The Soo Line Railroad  is the primary United States railroad subsidiary of the Canadian Pacific Railway , one of seven U.S. Class I railroads, controlled through the Soo Line Corporation. Although it is named for the Minneapolis, St. Paul and Sault Ste. Marie Railroad (MStP&SSM), which was commonly known as the Soo Line after the phonetic spelling of Sault, it was formed in 1961 by the consolidation of that company with two other CP subsidiaries: The Duluth, South Shore and Atlantic Railway, and the Wisconsin Central Railway. It is also the successor to other Class I railroads, including the Minneapolis, Northfield and Southern Railway (acquired 1982) and the Chicago, Milwaukee, St. Paul and Pacific Railroad (Milwaukee Road, acquired at bankruptcy in 1985). On the other hand, a large amount of mileage was spun off in 1987 to Wisconsin Central Ltd., now part of the Canadian National Railway. The Soo Line Railroad and the Delaware and Hudson Railway, CP's other major subsidiary (before the 2008 DM&E acquisition), presently do business as the Canadian Pacific Railway. Most equipment has been repainted into the CP scheme, but the U.S. Surface Transportation Board groups all of CP's U.S. subsidiaries under the Soo Line name for reporting purposes. The Minneapolis headquarters are located in the Canadian Pacific Plaza building, having moved from the nearby Soo Line Building.

System description 

The company's main line begins at Portal, North Dakota, on the Canada–U.S. border, and extends southeast along former MStP&SSM trackage to the Twin Cities (Minneapolis–Saint Paul). Ex-Milwaukee Road trackage takes the Soo Line from the Twin Cities to Chicago via Milwaukee. Between Chicago and Detroit, where the CP-owned Detroit River Tunnel connects back into Canada, the Soo Line has trackage rights over the Norfolk Southern Railway and haulage rights over CSX Transportation.

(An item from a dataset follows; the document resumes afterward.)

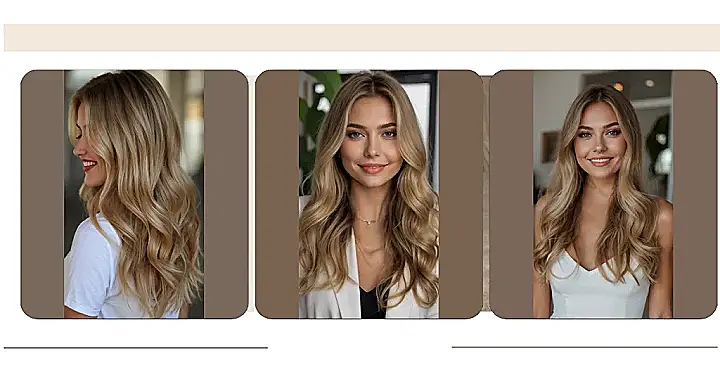 This picture perfectly shows what happens when blonde and brown hair decide to team up instead of fighting over who gets to be the star. It’s like they had a secret meeting and said, “Hey, let’s just create one super cool, wavy masterpiece!” The way her hair flows with those gorgeous golden and caramel tones makes you wonder if she spent hours deciding or if she just naturally nails the ‘best of both worlds’ look. Forget trying to pick between dark and light; this style confidently declares, “Why not have both, and make it look absolutely fabulous?”

Major branches include a connection from the border at Noyes, Minnesota, to Glenwood and, until it was sold to the Indiana Rail Road in 1983, a line from Chicago to Louisville, Kentucky.

Through trackage rights over the BNSF Railway, the Soo Line also serves Duluth from the Twin Cities.

At the end of 1970, the Soo Line operated  of road on  of track; that year it reported 8,249 million ton-miles of revenue freight and no passengers.

History  

The present Soo Line Railroad was incorporated in Minnesota on October 19, 1949, as the Duluth, South Shore and Atlantic Railroad, as part of the plan for reorganizing the Duluth, South Shore and Atlantic Railway (DSA) and subsidiary Mineral Range Railroad. When CP consolidated several subsidiaries on January 1, 1961, it used this company to merge the Minneapolis, St. Paul and Sault Ste. Marie Railroad and the Wisconsin Central Railway into, and renamed it to the present name, the Soo Line Railroad. The Soo Line gained control of the Minneapolis, Northfield and Southern Railway (MNS), a Twin Cities area shortline railroad, in June 1982.

Passenger service was mostly eliminated by the 1961 merger, but several trains remained for a few more years. These were a Saint Paul to Duluth daytime train known only as Trains 62 and 63 (discontinued June 1961), the overnight Chicago to Duluth Laker and its Saint Paul connection (both discontinued January 15, 1965), the Twin Cities to Winnipeg Winnipeger (discontinued March 25, 1967), and the Saint Paul to Portal, North Dakota Soo-Dominion that during the summer, ran through to Vancouver via a connection with Canadian Pacific's The Dominion at Moose Jaw. It was discontinued in December 1963, and the western Canada cars were handled on the Winnipeger for two more summers before they too were pulled. The Soo Line's last passenger train was the Copper Country Limited, a joint service with the Milwaukee Road inherited from the Duluth, South Shore and Atlantic. This Chicago-Champion-Calumet service was discontinued May 8, 1968. In addition, there were several mixed trains, with additional ones created to enable the discontinuance of the Saint Paul to Portal passenger train. Some mixed train services gained notoriety because passengers were conveyed in one direction only.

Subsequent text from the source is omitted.